Abstract
Aims
We tested the hypothesis that body fat percentage determines cardiac sympathovagal balance in healthy subjects.
Main methods
Heart rate variability (HRV) measurements were made of the standard deviation of the normal– normal RR intervals (SDNN) and the low frequency/high frequency (LF/HF) ratio, from time domain and fast Fourier transform spectral analysis of electrocardiogram RR intervals during trials of uncontrolled and controlled (paced) breathing at 0.2 Hz. Body fat percentage was measured by dual energy x-ray absorptiometric (DEXA) scanning.

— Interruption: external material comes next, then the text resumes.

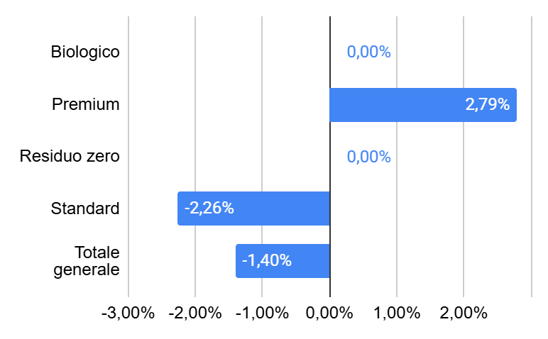 L'assortimento del paniere di questa settimana conta 51 referenze in 14 insegne globali della GDO, con una media di 3,6 referenze per insegna. La settimana precedente erano state rilevate 52 referenze in 14 insegne (media 3,7 referenze per insegna). Il numero complessivo di referenze è quindi diminuito del 2% rispetto alla settimana precedente.
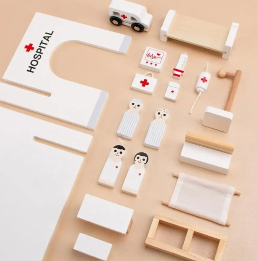 Prepare little ones for real-life experiences through play with this beautifully designed hospital set. Small world play is a gentle, engaging way for children to explore the idea of visiting the hospital, helping them process emotions and build confidence in a safe space. With everything from an ambulance and stretcher to patients and a heart monitor, children can role-play doctor visits, emergencies, or quiet recovery time. Perfect for pretend play, therapy sessions, or simply sparking imagination, this set encourages emotional preparation, empathy, and storytelling through play.

Significance of differences between uncontrolled and controlled (paced) breathing was determined by analysis of variance and correlations between body fat percentage and HRV measurements by Pearson's coefficient at P<0.05.
Key findings
Percent body fat was negatively correlated with LF/HF during the uncontrolled breathing (r= −0.56, two-tailed P<0.05, one-tailed P<0.01) but not during the paced breathing trial (r=−0.34, (P>0.1).
Significance
We conclude that sympathetic activity produced by paced breathing at 0.2 Hz can obscure the relationship between body fat percentage and sympathovagal balance and that high body fat percentage may be associated with low sympathetic modulation of the heart rate in healthy adolescent/young adult males.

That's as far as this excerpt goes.